The above code should be relatively easy to follow if you compare it with the original PyTorch implementations. Triton abstracts a lot of stuff that’s happening under-the-hood. The most tricky thing about converting the PyTorch functions to Triton kernels is handling handling the “previous diagonal value” problem. Thinking in CUDA terms, each of our $T_j$ values are being processed in separate threads, each of which we will denote $j$ , over $T_i$ timesteps, each of which we will denote $i$ . A given value for node $(i, j)$ depends on the values for $(i - 1, j)$ and $(i - 1, j - 1)$ . We don’t have to worry about the value $(i - 1, j)$ since that value was computed in the same thread, but we do have to worry about the value $(i - 1, j - 1)$ because it was computed in a different thread, meaning we will have to communicate between threads.

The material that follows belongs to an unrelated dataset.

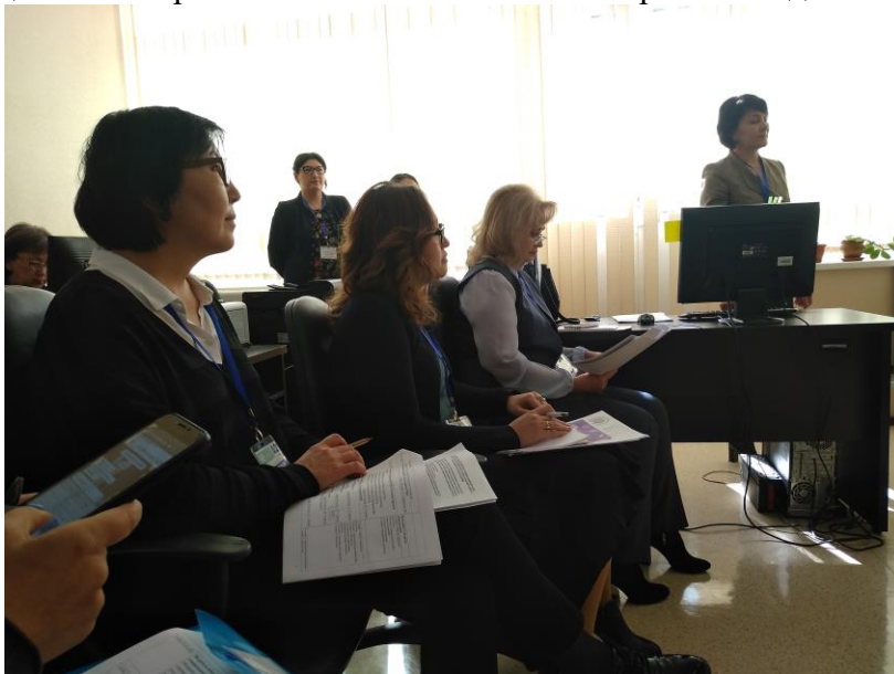
Фото 3. Изучение документации РЦРЗ

С помощью анкеты был оценен уровень подготовки слушателей до начала курсов повышения квалификации. Так, 90% считают, что слушатели, которые посещают занятия, имеют достаточный уровень подготовки, так изначально на обучение проводится отбор слушателей по уровню предшествующей подготовки, статуса в организации (руководители, ТОП-менеджеры, сотрудники вузов и т.д.). При этом коррелируя результаты вопроса об ожидаемых результатах по завершению курса, можно говорить об эффективности курсов и других мероприятий (мастер-классы, тренинги, круглые столы и др.), реализуемых в РЦРЗ. 93% уверены, что слушатели после завершения программы обучения обладают высоким уровнем знаний и практических навыков. Все преподаватели (100%), участвовавшие в анкетировании, полностью согласны с тем, что данное анкетирование является полезным для разработки рекомендаций по совершенствованию ключевых направлений деятельности РЦРЗ.

In my mental model of Triton, it should handle this inter-thread communication for us. If we were doing this in CUDA, we keep our values in shared memory, and use __syncthreads() after writing to shared memory to ensure that we don’t have any synchronization issues. This depends on our block size being larger than $T_j$ , but this is a reasonable expectation because we expect $T_i >> T_j$ for most problems we deal with. The CUDA kernels above will probably have some unexpected behavior for longer sequence lengths.